Footprints That Don't Match


 

Royal blue sculptured wall-to-wall carpet. This fantastic tint is better fit for play than décor, with surrounding golden walls our undying sun. The carpet's visible texture is little rippling waves. We sail along. Our vessel is Grandma’s Early American seaworthy sofa. When our baby brother climbs aboard, we spring a leak and all five of us abandon ship.

*

     A fog rises outside our front door from our car that’s under the weather. Grandma teeters through the smoke that mixes with real rain. It’s slippery for Grandma to get up the slick front steps. But a dark cloud in our living room ceiling finally got too heavy from the bathtub leaking, so she had to go to the hardware store for an elbow pipe that doesn’t bend.  

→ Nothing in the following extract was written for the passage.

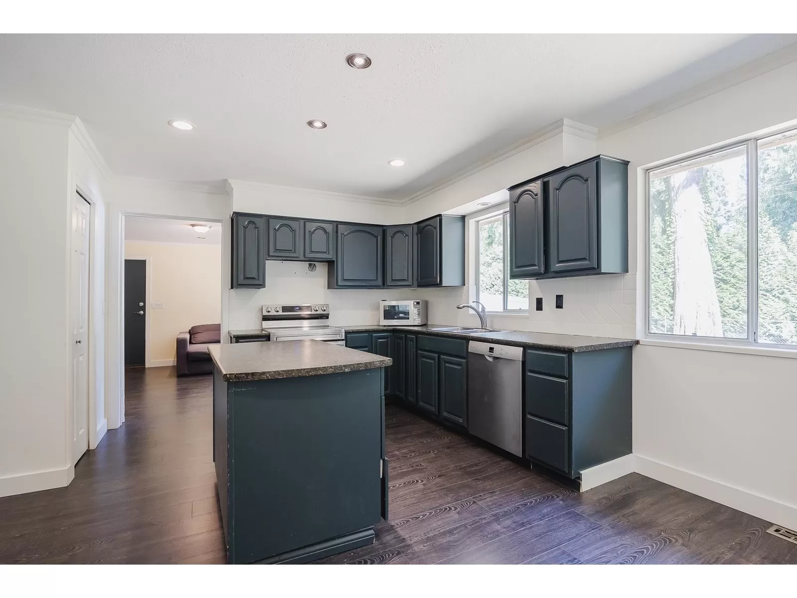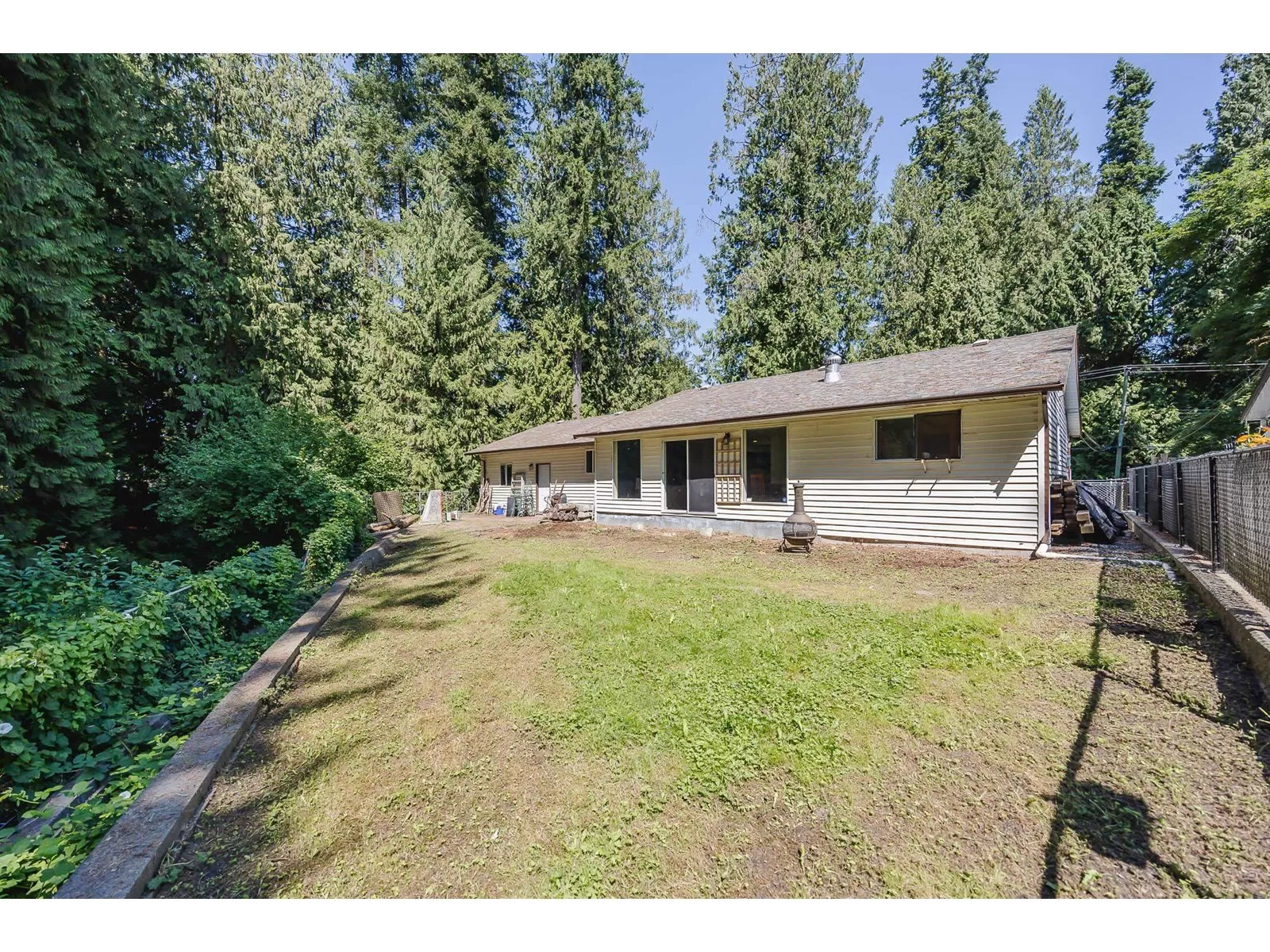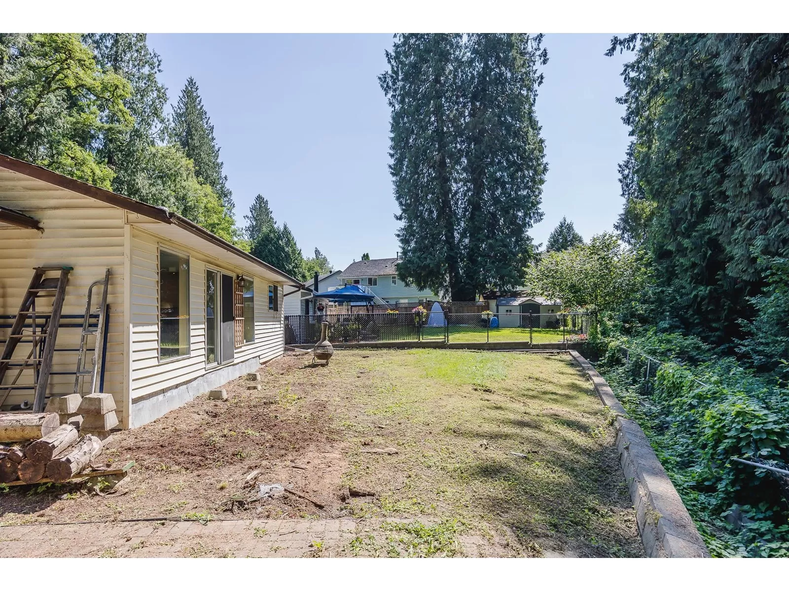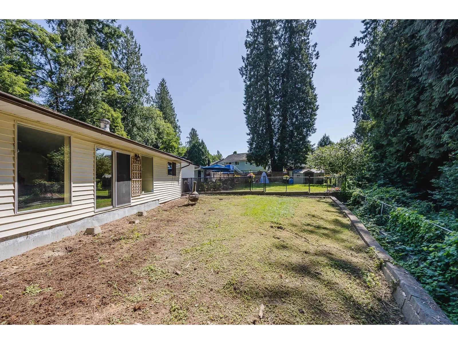 BEGINNER OR INVESTMENT PROPERTY. Situated adjacent to a lush greenbelt, this spacious 1,500+ sq.ft. rancher on 7858ft lot features durable laminate flooring throughout. Floor-to-ceiling windows offer stunning views of the south-facing backyard, which is perfect for relaxation or entertaining. The home includes generous living and dining areas with a slider door leading to a large private back yard with space for a hot tub-and a patio ideal for summer gatherings. A separate family room provides extra space for a pool table or media center. The property offers a double garage plus plenty of parking, including space for an RV. Ideal location for a home-based business. Conveniently situated near schools,shopping,recreation centers,golf courses,transit,Park & Ride, and the Golden Ears Bridge. (id:27476)

Grandma comes into the house limping over the carpet leaving damp footprints that don’t match; one print is wider than the other because her real foot got bigger but the artificial one didn’t.

My sister struts from side to side carrying the elbow, mimicking Grandma behind her wide back. I never tried crossing the ocean like that before. My sister walks a gait of faith; if Grandma sees her she’ll be damned. I’ll try my strut after Grandma swims upstairs along the continuous blue carpet that flows upstream.

My sister gives me the elbow and disappears. Grandma’s now swimming her special stroke, bobbing to catch a breath every few feet. Our grandma is like God. She’s huge and strong and old and alive. Dad’s not. He’s in a silk box with his head shaved, sleeping from cancer. I remember him lying there so still. I don’t remember him walking on the water much when he wasn’t sleeping. 

I feel bad for Rosa. She’s my friend who sits next to me in class. Her dad didn’t get sick; he got mean. He doesn’t live with her anymore. He’s not in Heaven though. Rosa and her mom moved into her grandma’s house. If Rosa’s dad moves into her grandma’s house too, maybe he will be in Heaven.

     Grandma just swam over the horizon. I’ll try to do it. Back up against the far wall, between the two front windows with my heels touching the baseboards. Take a deep breath. Maybe I’ll close my eyes.

     Uh-oh, Grandma’s calling me. I’ll have to paddle upstream fast.

     “Go downstairs and get the wrench from my pocketbook. It’s beside my chair,” Grandma calls from under the bathtub when I hand her the elbow. The front of her dress is wet and her artificial leg is standing beside the toilet. The leg’s metal like the pipe, but it does bend and if it gets wet, it’ll rust. I go downstairs and look for the wrench.

     Back upstairs, I pant, “Grandma, it’s not in your pocketbook.”

     “It has to be. Look again.”

     I look again.

     “Grandma, I looked real hard and it’s not there. Just the hammer.” Now I’m breathing hard.

     “Well then it has to be in the tool box in the cellar.”

     After swimming downstream again and hopping down rocks that are the cellar steps, I look for the wrench, praying it’s there. Yep!

     “Here you go Grandma.” I beam, dripping like I really did go swimming.

     She curses. “The spigot’s leaking back here too.” Grandma takes the wrench. “Go down in the cellar, on the shelf, under the stairs. There’s a small baby food jar with washers in it. Bring me up one.”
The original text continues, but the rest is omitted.